*** DATA EXTRACTS Section Begins ***

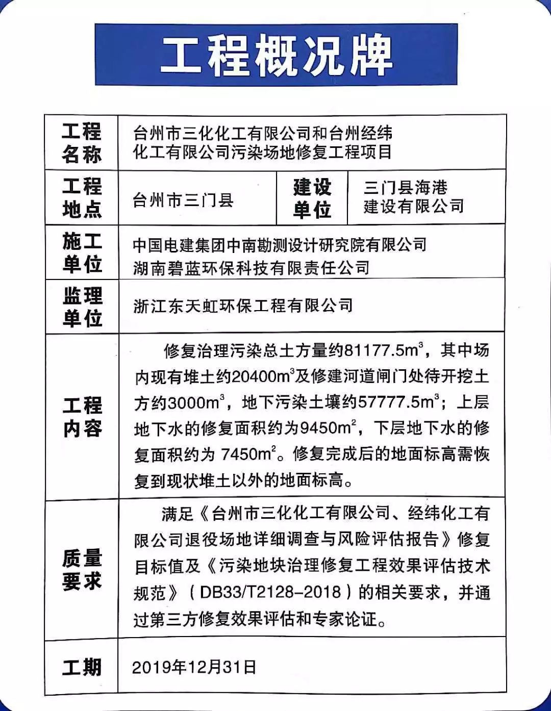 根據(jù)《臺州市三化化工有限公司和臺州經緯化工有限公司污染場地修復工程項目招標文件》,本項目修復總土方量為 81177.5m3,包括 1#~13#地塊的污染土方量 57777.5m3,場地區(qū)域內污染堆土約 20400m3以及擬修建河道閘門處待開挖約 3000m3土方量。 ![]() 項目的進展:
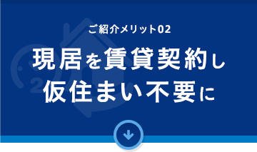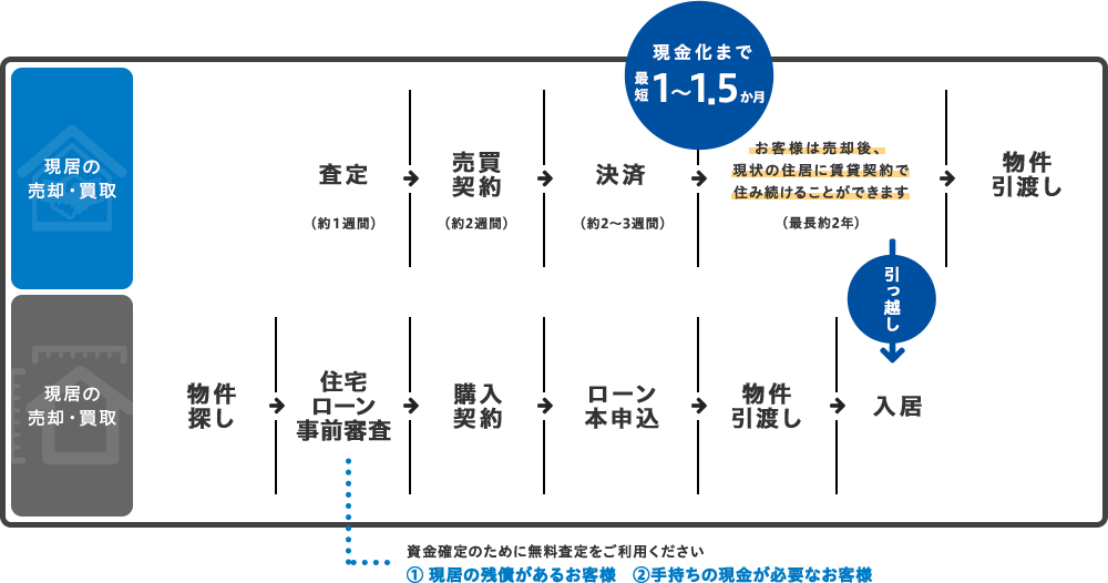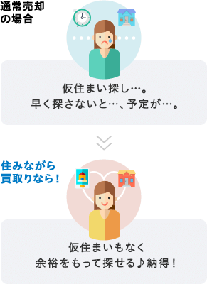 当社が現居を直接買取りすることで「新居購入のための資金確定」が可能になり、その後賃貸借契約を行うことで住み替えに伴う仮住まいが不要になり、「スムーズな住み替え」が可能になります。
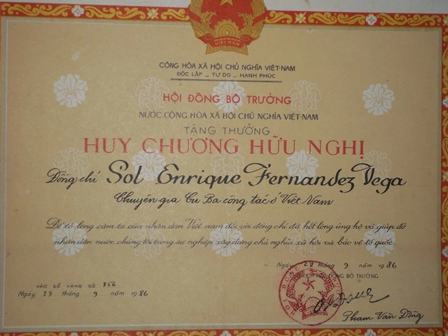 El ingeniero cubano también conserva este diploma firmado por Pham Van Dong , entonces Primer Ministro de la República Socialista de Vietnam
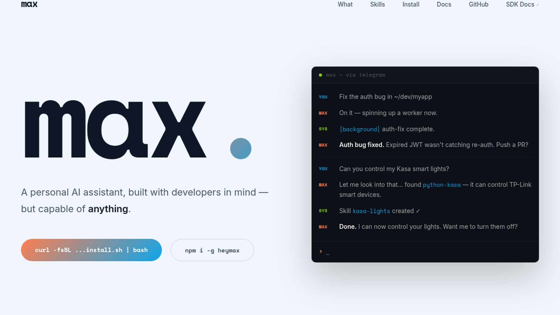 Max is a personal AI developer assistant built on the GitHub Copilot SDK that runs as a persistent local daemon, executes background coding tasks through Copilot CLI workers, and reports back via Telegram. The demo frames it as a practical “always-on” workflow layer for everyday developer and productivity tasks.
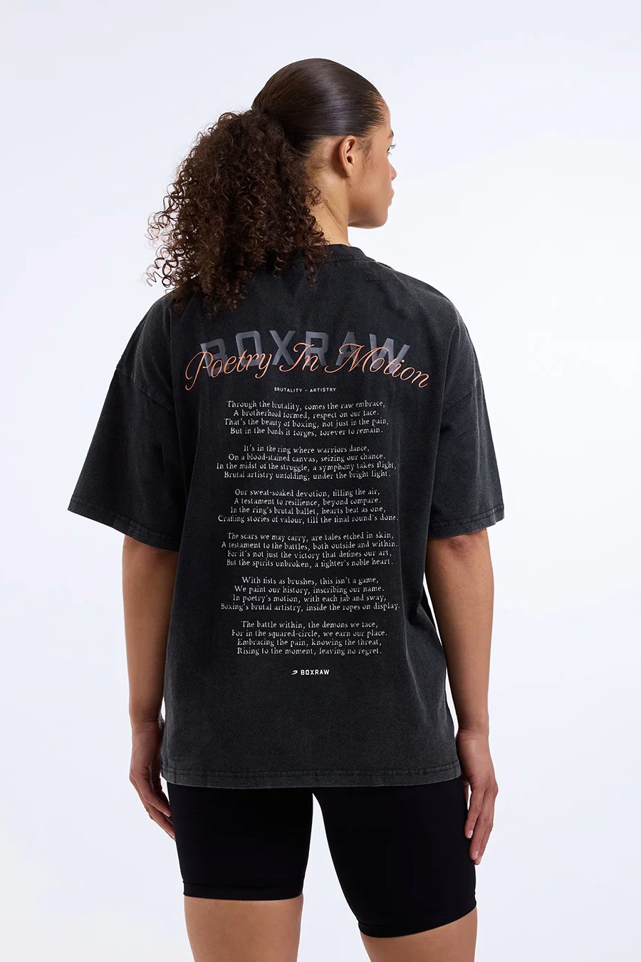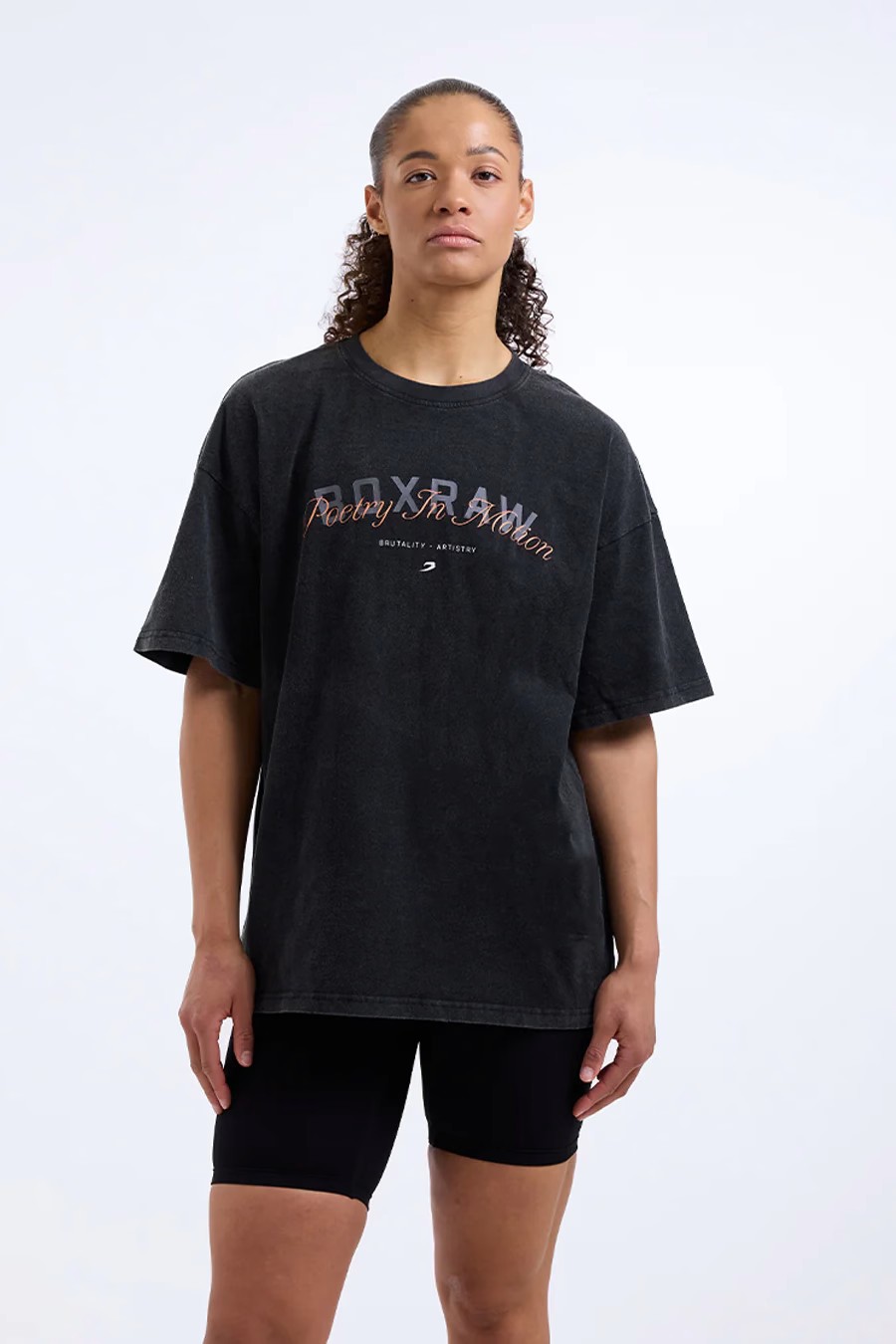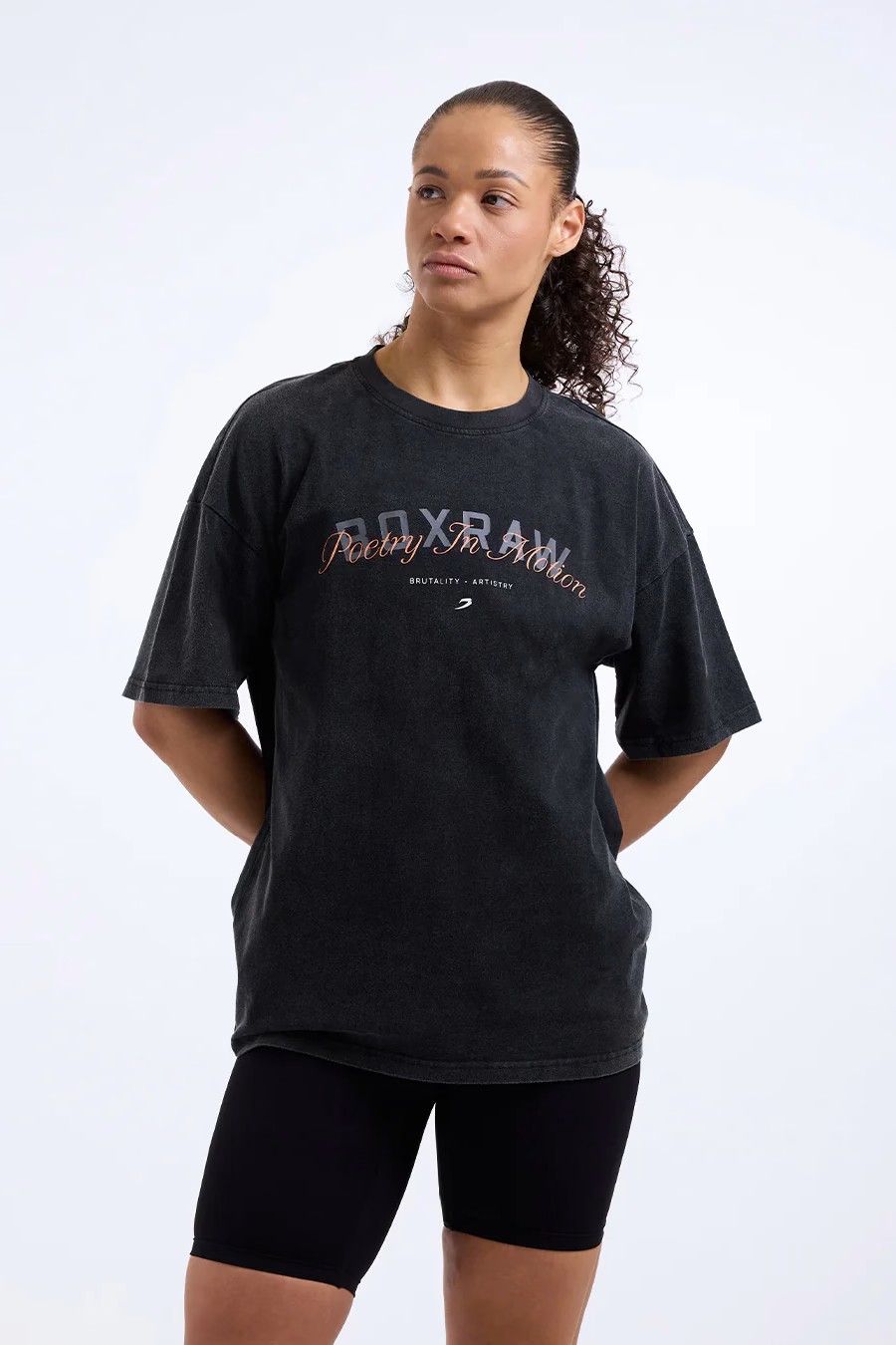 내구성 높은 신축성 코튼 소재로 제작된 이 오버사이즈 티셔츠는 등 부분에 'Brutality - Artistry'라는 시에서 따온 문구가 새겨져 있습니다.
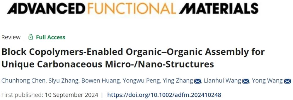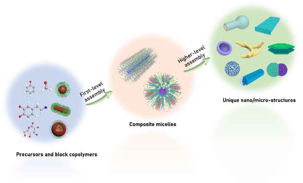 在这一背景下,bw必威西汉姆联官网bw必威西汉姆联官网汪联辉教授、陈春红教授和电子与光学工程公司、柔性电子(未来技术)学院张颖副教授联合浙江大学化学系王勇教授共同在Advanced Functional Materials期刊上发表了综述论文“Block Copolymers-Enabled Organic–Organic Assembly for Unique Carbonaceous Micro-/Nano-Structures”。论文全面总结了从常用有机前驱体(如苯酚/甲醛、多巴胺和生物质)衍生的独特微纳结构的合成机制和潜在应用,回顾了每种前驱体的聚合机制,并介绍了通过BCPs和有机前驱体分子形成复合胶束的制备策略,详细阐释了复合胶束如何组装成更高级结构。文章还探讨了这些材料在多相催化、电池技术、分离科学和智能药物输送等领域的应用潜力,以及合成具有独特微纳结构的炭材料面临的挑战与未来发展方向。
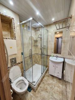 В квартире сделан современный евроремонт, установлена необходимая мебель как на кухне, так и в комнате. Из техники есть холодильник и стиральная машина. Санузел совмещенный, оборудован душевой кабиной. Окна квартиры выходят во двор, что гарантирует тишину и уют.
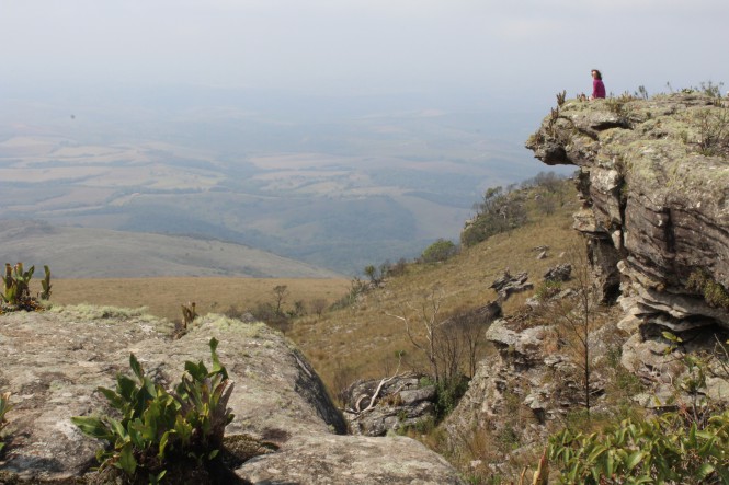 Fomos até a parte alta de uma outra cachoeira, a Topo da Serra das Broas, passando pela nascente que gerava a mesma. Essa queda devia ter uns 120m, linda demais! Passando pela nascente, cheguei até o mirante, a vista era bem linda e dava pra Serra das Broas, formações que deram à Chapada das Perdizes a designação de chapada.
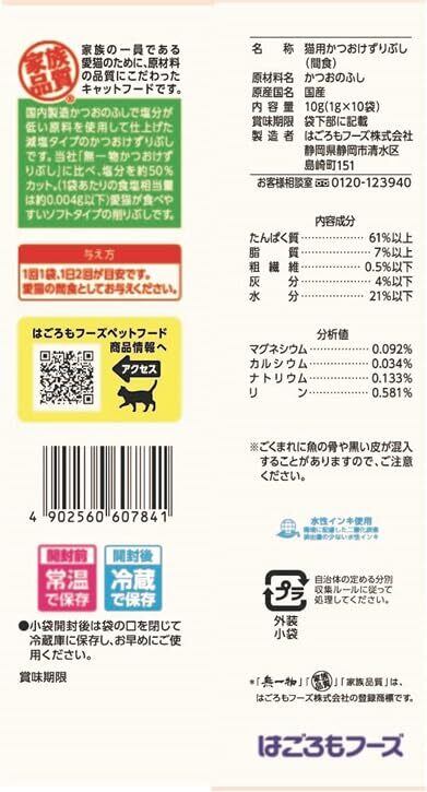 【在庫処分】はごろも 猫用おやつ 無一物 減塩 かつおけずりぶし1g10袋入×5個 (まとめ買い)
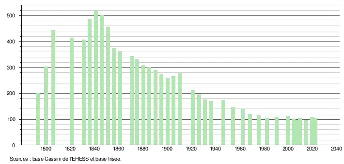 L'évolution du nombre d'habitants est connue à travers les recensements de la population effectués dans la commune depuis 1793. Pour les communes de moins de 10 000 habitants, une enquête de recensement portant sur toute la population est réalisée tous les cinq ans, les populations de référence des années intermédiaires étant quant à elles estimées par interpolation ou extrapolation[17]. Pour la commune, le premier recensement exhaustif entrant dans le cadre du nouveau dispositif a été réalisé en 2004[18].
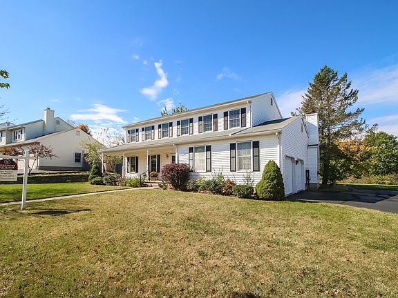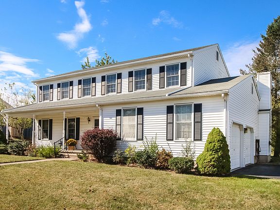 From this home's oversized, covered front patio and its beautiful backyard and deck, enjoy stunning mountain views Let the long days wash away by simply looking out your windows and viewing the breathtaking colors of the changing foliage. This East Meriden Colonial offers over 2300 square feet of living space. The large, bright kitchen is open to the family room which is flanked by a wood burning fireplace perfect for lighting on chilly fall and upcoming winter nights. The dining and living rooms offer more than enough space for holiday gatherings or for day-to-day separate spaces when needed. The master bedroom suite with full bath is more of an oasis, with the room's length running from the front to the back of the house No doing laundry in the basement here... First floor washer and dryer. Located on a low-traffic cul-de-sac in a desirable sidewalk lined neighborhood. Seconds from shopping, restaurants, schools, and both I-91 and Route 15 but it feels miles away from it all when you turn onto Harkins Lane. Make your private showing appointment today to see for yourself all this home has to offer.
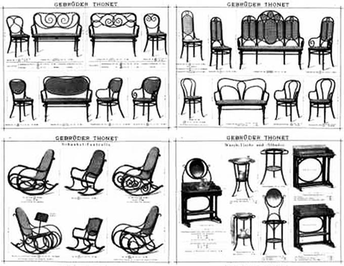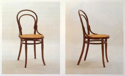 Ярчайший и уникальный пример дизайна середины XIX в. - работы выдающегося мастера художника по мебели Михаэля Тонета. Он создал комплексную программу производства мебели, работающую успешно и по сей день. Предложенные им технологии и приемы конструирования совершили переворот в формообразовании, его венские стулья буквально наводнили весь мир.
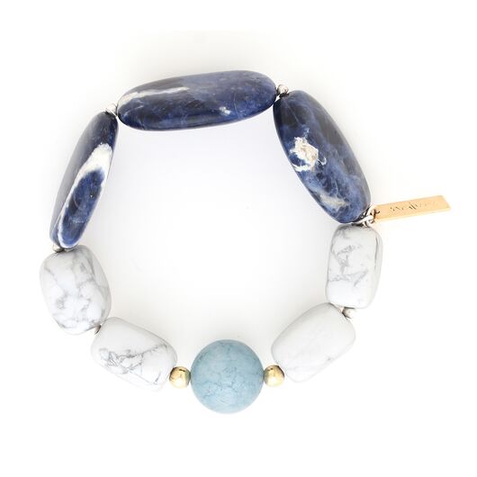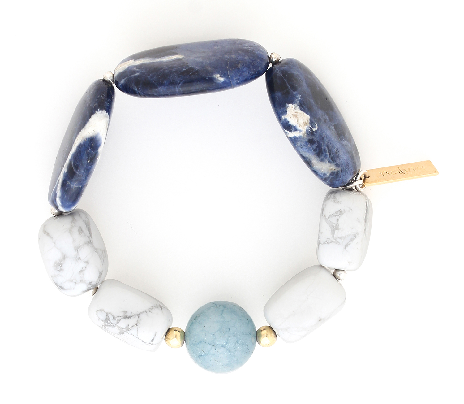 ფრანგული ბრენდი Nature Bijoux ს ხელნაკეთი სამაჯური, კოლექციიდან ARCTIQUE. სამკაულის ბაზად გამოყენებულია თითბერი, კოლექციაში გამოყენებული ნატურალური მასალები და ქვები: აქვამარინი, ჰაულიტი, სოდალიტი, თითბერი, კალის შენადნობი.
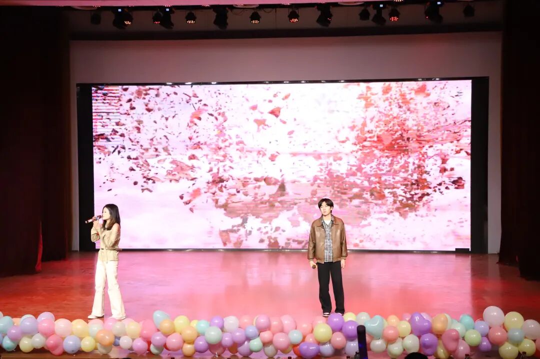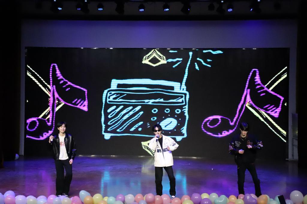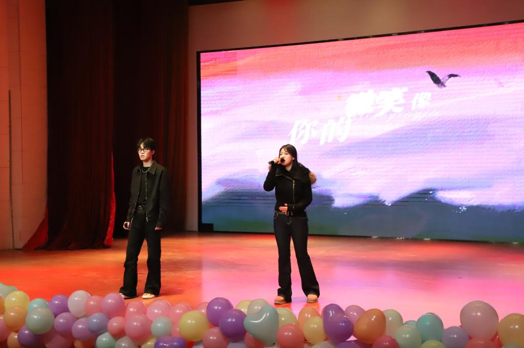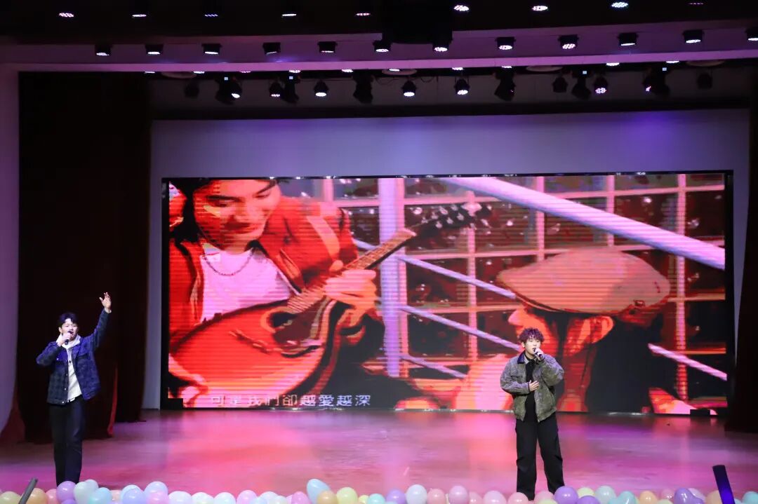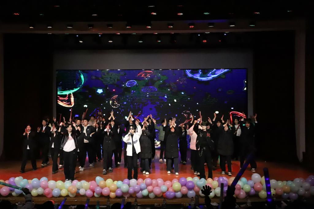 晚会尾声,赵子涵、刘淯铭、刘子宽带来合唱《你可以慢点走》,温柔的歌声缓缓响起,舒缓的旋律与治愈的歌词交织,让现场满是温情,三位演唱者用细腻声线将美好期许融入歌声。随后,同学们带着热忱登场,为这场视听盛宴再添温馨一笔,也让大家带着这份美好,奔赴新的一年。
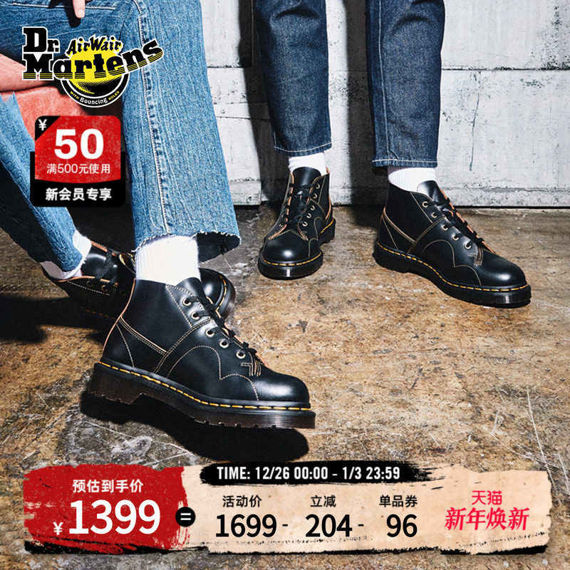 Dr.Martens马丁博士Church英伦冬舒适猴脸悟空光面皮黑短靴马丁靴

*** DATA EXTRACTS Section Ends ***

> **WORK TO COMPLETE**: With the pictures omitted, restate word for word the lines above from the line that has "Max is a personal" up to and including the line that has "減塩 かつおけずりぶし1g10袋入×5個 (まとめ買い)", and no other lines.

> **EXERCISE OUTPUT**:
 Max is a personal AI developer assistant built on the GitHub Copilot SDK that runs as a persistent local daemon, executes background coding tasks through Copilot CLI workers, and reports back via Telegram. The demo frames it as a practical “always-on” workflow layer for everyday developer and productivity tasks.
 내구성 높은 신축성 코튼 소재로 제작된 이 오버사이즈 티셔츠는 등 부분에 'Brutality - Artistry'라는 시에서 따온 문구가 새겨져 있습니다.
 在这一背景下,bw必威西汉姆联官网bw必威西汉姆联官网汪联辉教授、陈春红教授和电子与光学工程公司、柔性电子(未来技术)学院张颖副教授联合浙江大学化学系王勇教授共同在Advanced Functional Materials期刊上发表了综述论文“Block Copolymers-Enabled Organic–Organic Assembly for Unique Carbonaceous Micro-/Nano-Structures”。论文全面总结了从常用有机前驱体(如苯酚/甲醛、多巴胺和生物质)衍生的独特微纳结构的合成机制和潜在应用,回顾了每种前驱体的聚合机制,并介绍了通过BCPs和有机前驱体分子形成复合胶束的制备策略,详细阐释了复合胶束如何组装成更高级结构。文章还探讨了这些材料在多相催化、电池技术、分离科学和智能药物输送等领域的应用潜力,以及合成具有独特微纳结构的炭材料面临的挑战与未来发展方向。
 В квартире сделан современный евроремонт, установлена необходимая мебель как на кухне, так и в комнате. Из техники есть холодильник и стиральная машина. Санузел совмещенный, оборудован душевой кабиной. Окна квартиры выходят во двор, что гарантирует тишину и уют.
 Fomos até a parte alta de uma outra cachoeira, a Topo da Serra das Broas, passando pela nascente que gerava a mesma. Essa queda devia ter uns 120m, linda demais! Passando pela nascente, cheguei até o mirante, a vista era bem linda e dava pra Serra das Broas, formações que deram à Chapada das Perdizes a designação de chapada.
 【在庫処分】はごろも 猫用おやつ 無一物 減塩 かつおけずりぶし1g10袋入×5個 (まとめ買い)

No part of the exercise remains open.